3:8-11 - So at that time we took from these two kings of the Amorites the territory east of the Jordan, from the Arnon Gorge as far as Mount Hermon. (Hermon is called Sirion by the Sidonians; the Amorites call it Senir.) We took all the towns on the plateau, and all Gilead, and all Bashan as far as Salecah and Edrei, towns of Og's kingdom in Bashan. (Only Og king of Bashan was left of the remnant of the Rephaites. His bed was made of iron and was more than thirteen feet long and six feet wide.1 It is still in Rabbah of the Ammonites.)
As was noted in the introduction to this unit, we assume that these four verses make up a parenthetical remark by the narrator who wrote up Moses' addresses some years after Moses had expounded them.2. But, whether we accept this or assume as most commentators do that these are Moses' own words, these verses summarize GenB's accomplishments from the two wars on the eve of their entry into and conquest of the Promised Land west of the Jordan.
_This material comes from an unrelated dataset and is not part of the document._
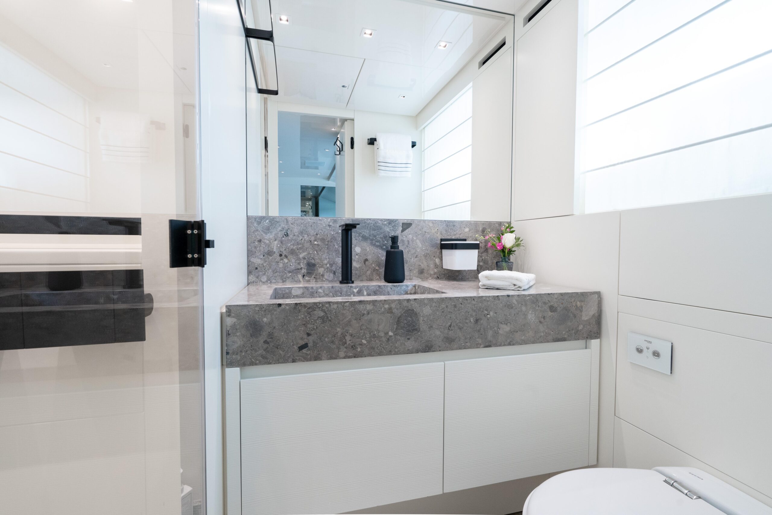 To port and forward one will find a guest corridor with day head. Continuing forward, one will find the Owner's Stateroom. The Owner's suite offers a king berth, and a large ensuite bath with stone sink and shower, toilet and bidet. The owner's area offers ample storage and walk-in closet that is forward and down a couple of stairs.

Here too the tenor of success and victory is unambiguous. First, the land taken stretches from end to end—from the Arnon Gorge "as far as Mount Hermon" (v8) in one case and "as far as Salecah and Edrei" (v10) in the other—but it is also "all the towns on the plateau, all Gilead and all Bashan" (v9-10). Second, Og may have outlived all the other Rephaites from whom he was descended, but he did not survive the Israelites. In an interjection, as if any one might doubt the fact of the case, the narrator points—by way of a rhetorical question3—to the proof of Og's iron bed, available for viewing still in the town of Rabbah of the Ammonites (modern-day Amman). Yes, a grand iron bed—all thirteen by six feet of it. But it is an empty bed, for Og the giant sleeps in it no more. Whatever giant GenN may face—whatever giant we may face—says the narrator, faith and obedience in Yahweh can bring him down.